Input material:
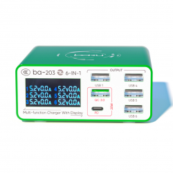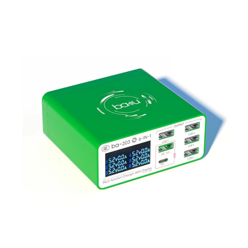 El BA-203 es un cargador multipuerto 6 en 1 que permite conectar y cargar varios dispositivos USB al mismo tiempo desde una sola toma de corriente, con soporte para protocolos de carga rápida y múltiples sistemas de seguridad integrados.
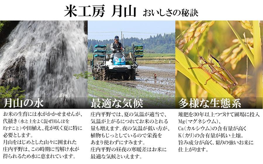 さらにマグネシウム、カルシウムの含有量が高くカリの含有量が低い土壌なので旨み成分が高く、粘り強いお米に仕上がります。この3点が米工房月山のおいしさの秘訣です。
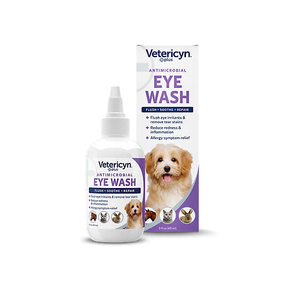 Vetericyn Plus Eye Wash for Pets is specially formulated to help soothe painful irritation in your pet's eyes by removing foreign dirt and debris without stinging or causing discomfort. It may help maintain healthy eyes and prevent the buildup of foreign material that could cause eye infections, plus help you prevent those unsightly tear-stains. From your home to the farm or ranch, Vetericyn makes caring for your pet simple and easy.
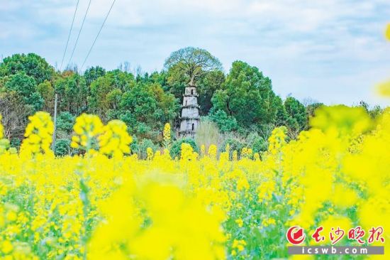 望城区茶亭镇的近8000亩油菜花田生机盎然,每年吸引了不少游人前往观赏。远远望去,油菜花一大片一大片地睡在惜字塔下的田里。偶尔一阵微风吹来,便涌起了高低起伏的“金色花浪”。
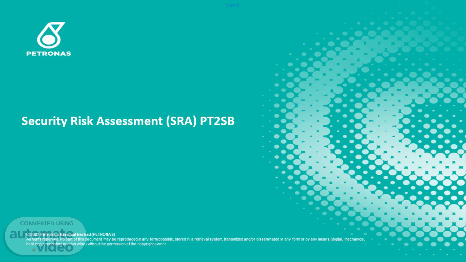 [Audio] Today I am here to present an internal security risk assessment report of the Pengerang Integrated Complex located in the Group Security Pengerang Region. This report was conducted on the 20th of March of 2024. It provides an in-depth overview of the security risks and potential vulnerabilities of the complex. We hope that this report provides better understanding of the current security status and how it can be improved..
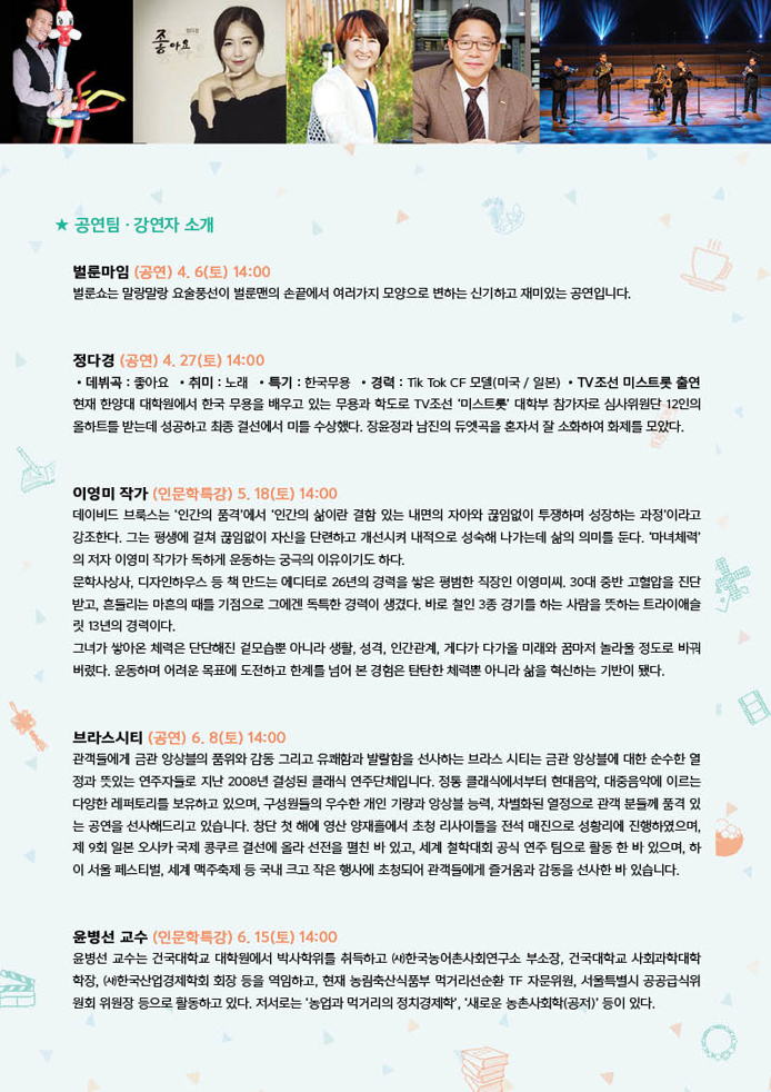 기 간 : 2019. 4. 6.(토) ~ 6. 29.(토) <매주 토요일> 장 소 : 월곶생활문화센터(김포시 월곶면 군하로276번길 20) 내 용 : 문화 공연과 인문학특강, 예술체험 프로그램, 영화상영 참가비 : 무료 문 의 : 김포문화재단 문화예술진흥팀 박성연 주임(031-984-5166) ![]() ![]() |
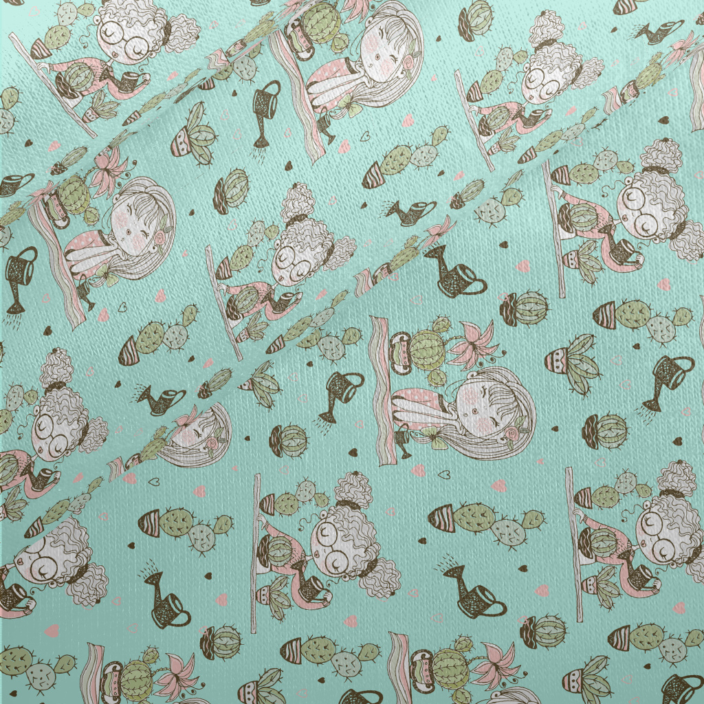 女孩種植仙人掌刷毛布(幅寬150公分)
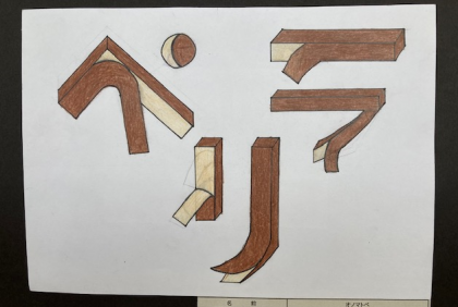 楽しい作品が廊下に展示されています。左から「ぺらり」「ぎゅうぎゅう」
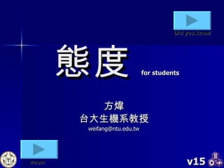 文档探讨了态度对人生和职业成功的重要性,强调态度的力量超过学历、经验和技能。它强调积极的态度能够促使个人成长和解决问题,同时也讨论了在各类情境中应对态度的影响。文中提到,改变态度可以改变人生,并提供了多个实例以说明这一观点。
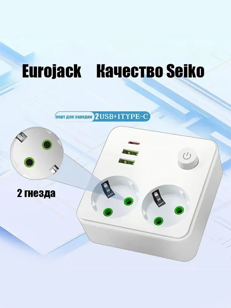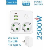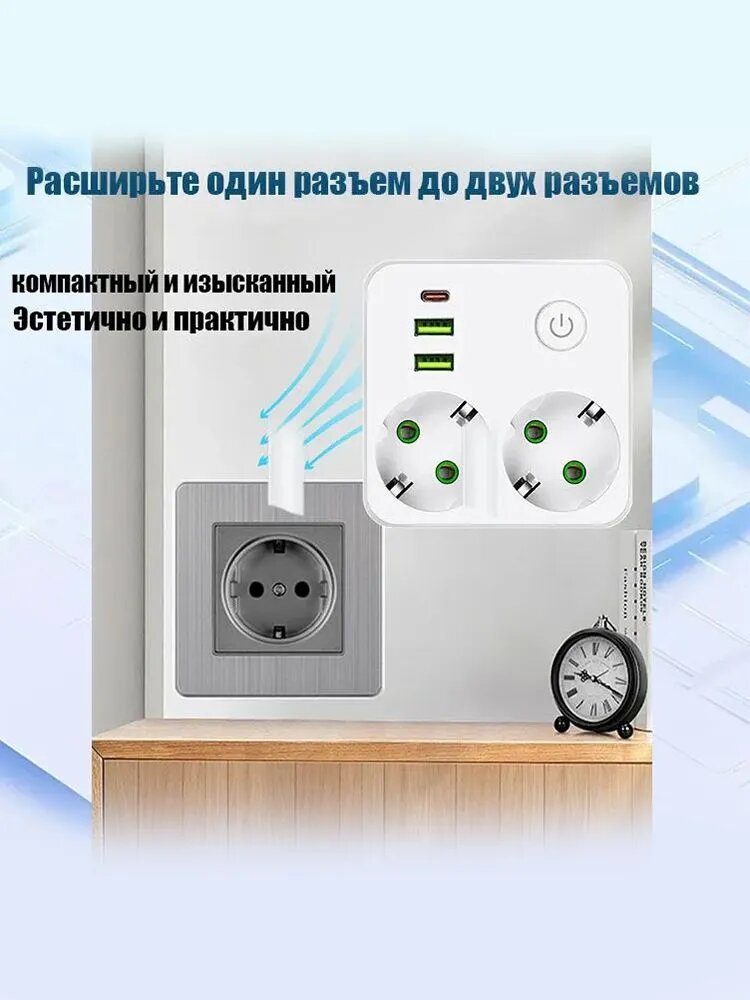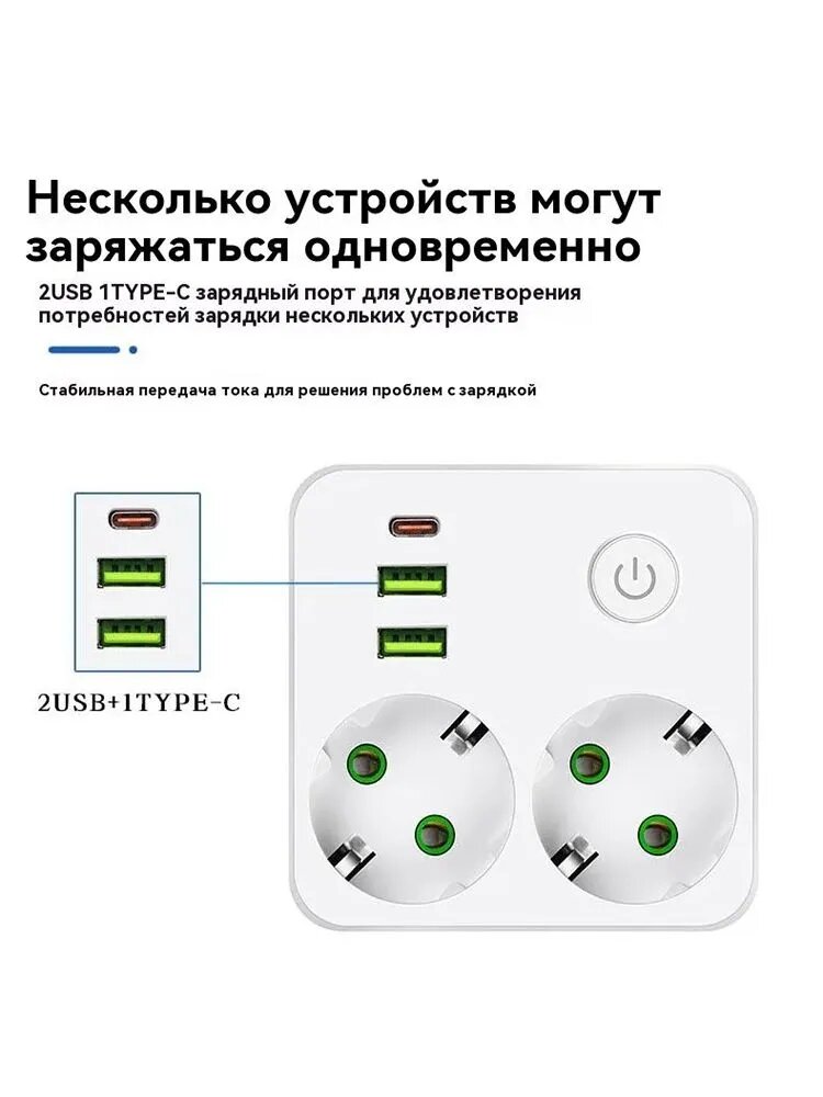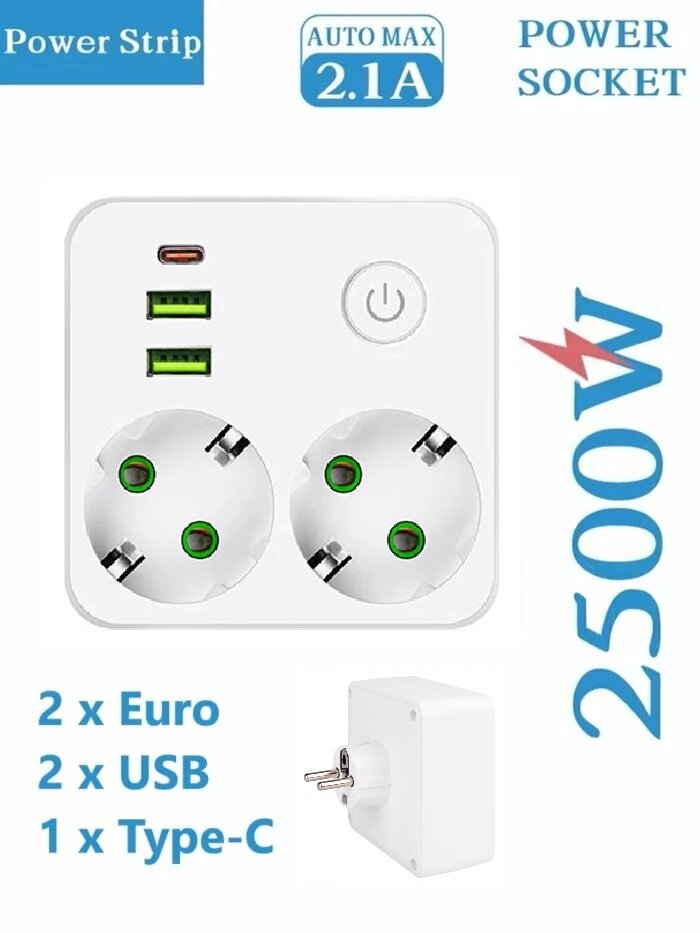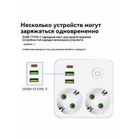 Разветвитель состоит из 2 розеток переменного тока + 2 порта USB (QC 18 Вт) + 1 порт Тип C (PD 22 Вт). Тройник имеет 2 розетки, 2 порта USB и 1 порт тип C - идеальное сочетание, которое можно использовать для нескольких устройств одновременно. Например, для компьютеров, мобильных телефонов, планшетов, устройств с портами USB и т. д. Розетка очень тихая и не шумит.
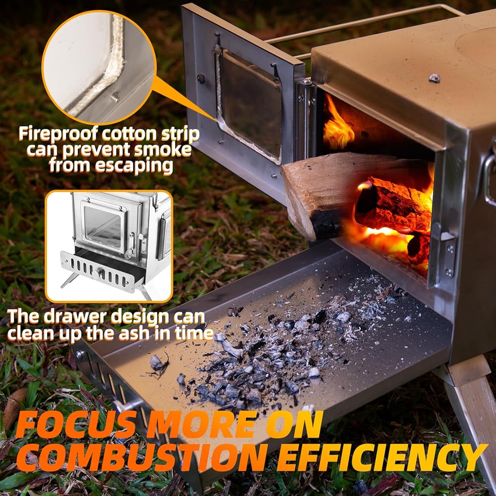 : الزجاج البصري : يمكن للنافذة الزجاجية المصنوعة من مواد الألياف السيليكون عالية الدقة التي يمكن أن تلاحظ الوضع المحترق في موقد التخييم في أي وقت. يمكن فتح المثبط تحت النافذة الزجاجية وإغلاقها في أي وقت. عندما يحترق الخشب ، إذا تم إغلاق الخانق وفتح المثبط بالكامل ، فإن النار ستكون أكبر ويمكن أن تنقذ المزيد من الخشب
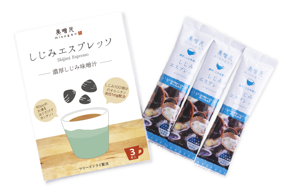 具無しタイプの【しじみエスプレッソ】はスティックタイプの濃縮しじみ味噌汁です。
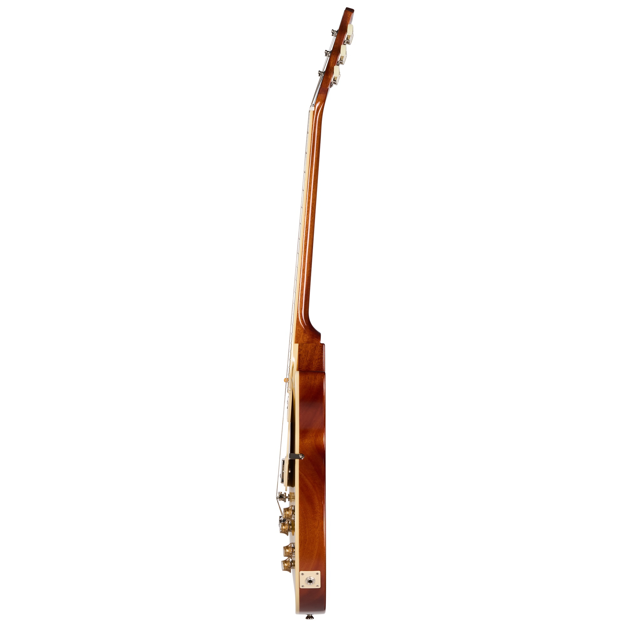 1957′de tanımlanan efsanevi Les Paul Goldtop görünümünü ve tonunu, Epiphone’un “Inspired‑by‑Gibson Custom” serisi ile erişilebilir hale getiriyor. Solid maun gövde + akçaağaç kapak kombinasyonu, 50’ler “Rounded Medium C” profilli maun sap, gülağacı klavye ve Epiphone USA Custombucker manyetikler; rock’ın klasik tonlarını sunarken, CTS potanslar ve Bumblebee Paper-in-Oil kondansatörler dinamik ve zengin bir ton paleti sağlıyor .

Description of the task: Output exactly the lines from the one that has "[Audio] Today I" through the end of the data. Do not include pictures.

Task solution:
 [Audio] Today I am here to present an internal security risk assessment report of the Pengerang Integrated Complex located in the Group Security Pengerang Region. This report was conducted on the 20th of March of 2024. It provides an in-depth overview of the security risks and potential vulnerabilities of the complex. We hope that this report provides better understanding of the current security status and how it can be improved..
 기 간 : 2019. 4. 6.(토) ~ 6. 29.(토) <매주 토요일> 장 소 : 월곶생활문화센터(김포시 월곶면 군하로276번길 20) 내 용 : 문화 공연과 인문학특강, 예술체험 프로그램, 영화상영 참가비 : 무료 문 의 : 김포문화재단 문화예술진흥팀 박성연 주임(031-984-5166) ![]() ![]() |
 女孩種植仙人掌刷毛布(幅寬150公分)
 楽しい作品が廊下に展示されています。左から「ぺらり」「ぎゅうぎゅう」
 文档探讨了态度对人生和职业成功的重要性,强调态度的力量超过学历、经验和技能。它强调积极的态度能够促使个人成长和解决问题,同时也讨论了在各类情境中应对态度的影响。文中提到,改变态度可以改变人生,并提供了多个实例以说明这一观点。
 Разветвитель состоит из 2 розеток переменного тока + 2 порта USB (QC 18 Вт) + 1 порт Тип C (PD 22 Вт). Тройник имеет 2 розетки, 2 порта USB и 1 порт тип C - идеальное сочетание, которое можно использовать для нескольких устройств одновременно. Например, для компьютеров, мобильных телефонов, планшетов, устройств с портами USB и т. д. Розетка очень тихая и не шумит.
 : الزجاج البصري : يمكن للنافذة الزجاجية المصنوعة من مواد الألياف السيليكون عالية الدقة التي يمكن أن تلاحظ الوضع المحترق في موقد التخييم في أي وقت. يمكن فتح المثبط تحت النافذة الزجاجية وإغلاقها في أي وقت. عندما يحترق الخشب ، إذا تم إغلاق الخانق وفتح المثبط بالكامل ، فإن النار ستكون أكبر ويمكن أن تنقذ المزيد من الخشب
 具無しタイプの【しじみエスプレッソ】はスティックタイプの濃縮しじみ味噌汁です。
 1957′de tanımlanan efsanevi Les Paul Goldtop görünümünü ve tonunu, Epiphone’un “Inspired‑by‑Gibson Custom” serisi ile erişilebilir hale getiriyor. Solid maun gövde + akçaağaç kapak kombinasyonu, 50’ler “Rounded Medium C” profilli maun sap, gülağacı klavye ve Epiphone USA Custombucker manyetikler; rock’ın klasik tonlarını sunarken, CTS potanslar ve Bumblebee Paper-in-Oil kondansatörler dinamik ve zengin bir ton paleti sağlıyor .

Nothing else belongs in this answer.